Set down exactly the lines in the records below that run from the line with "KKTC -TC Gazetelerinde" to the line with "躲避方法:在楼梯口等待异形走到画面下方,迅速从楼梯上下来,进入上方舱门。", inclusive, and nothing more.

WORKING DATA =
○ ○ ○
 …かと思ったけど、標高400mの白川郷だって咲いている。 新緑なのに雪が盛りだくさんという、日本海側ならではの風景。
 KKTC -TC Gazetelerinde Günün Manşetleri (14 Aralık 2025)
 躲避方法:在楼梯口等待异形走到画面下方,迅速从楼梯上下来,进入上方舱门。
○ ○ ○
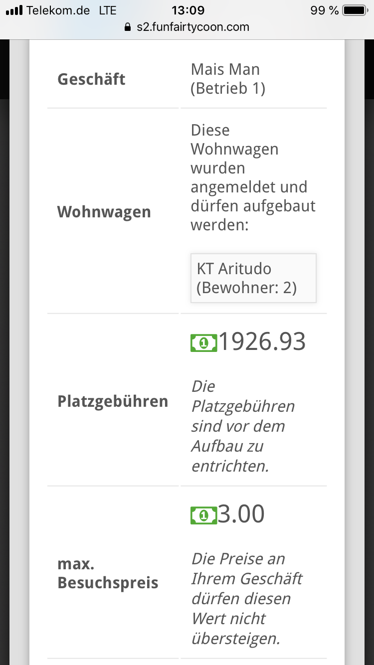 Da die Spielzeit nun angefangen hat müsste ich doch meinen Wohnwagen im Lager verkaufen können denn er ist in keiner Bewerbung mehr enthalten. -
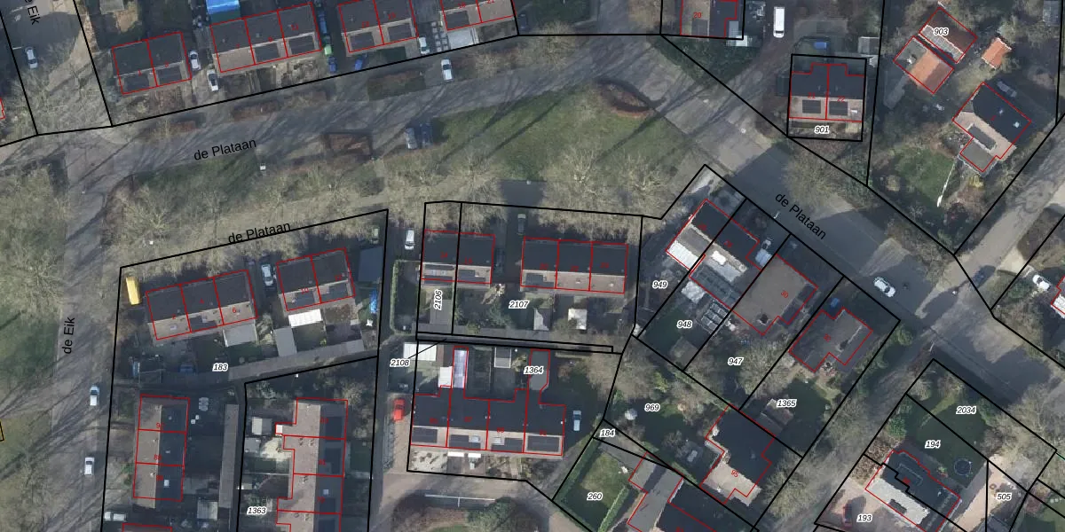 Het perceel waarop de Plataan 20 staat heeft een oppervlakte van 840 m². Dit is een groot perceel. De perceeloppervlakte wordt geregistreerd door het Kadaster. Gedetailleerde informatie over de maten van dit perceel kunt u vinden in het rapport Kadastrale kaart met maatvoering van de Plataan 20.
○ ○ ○
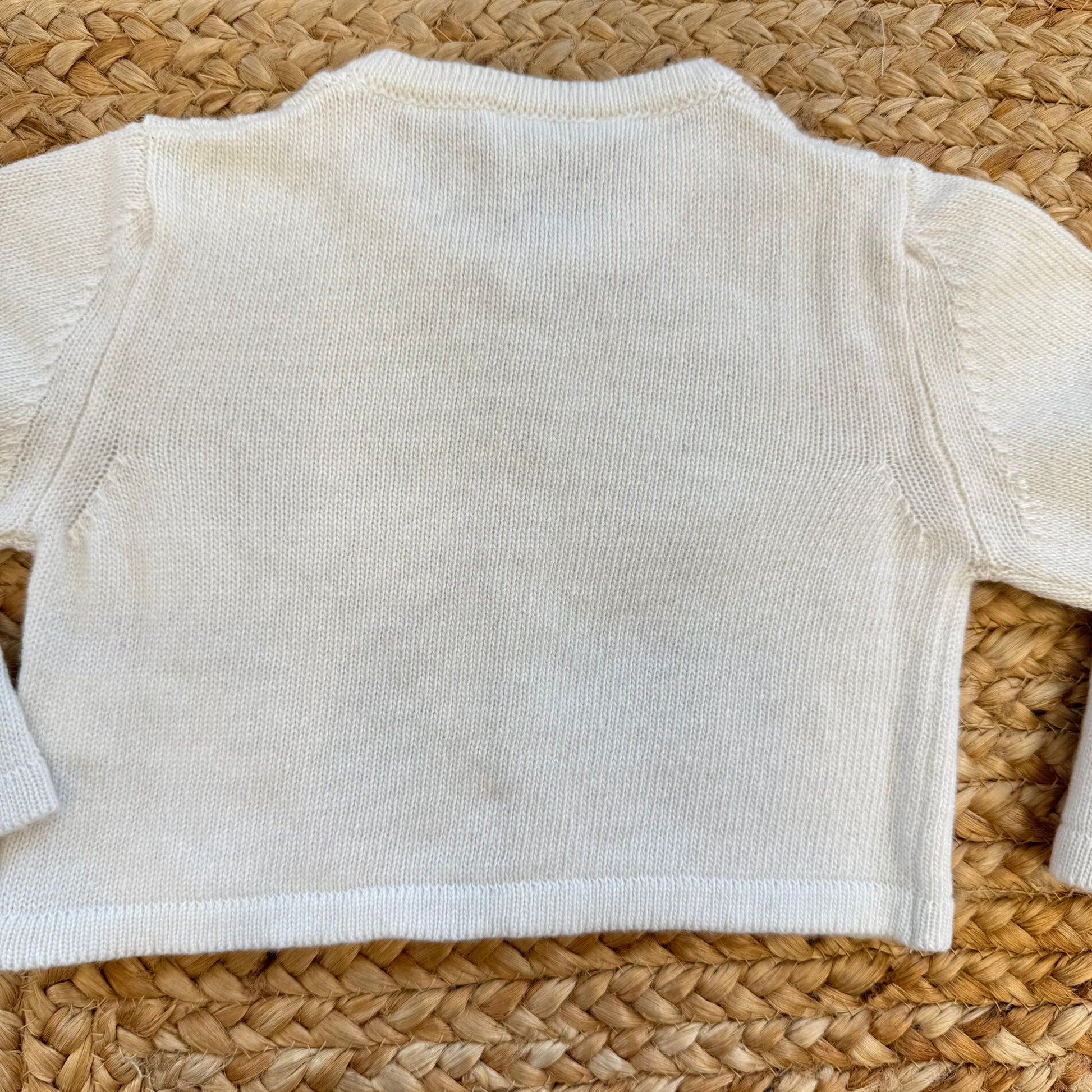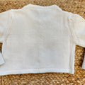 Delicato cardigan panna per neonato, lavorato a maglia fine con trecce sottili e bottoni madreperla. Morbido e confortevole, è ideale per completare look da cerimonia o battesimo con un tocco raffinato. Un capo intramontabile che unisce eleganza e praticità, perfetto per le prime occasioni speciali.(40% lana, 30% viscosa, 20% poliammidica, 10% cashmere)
○ ○ ○
YOUR RESPONSE =
 KKTC -TC Gazetelerinde Günün Manşetleri (14 Aralık 2025)
 躲避方法:在楼梯口等待异形走到画面下方,迅速从楼梯上下来,进入上方舱门。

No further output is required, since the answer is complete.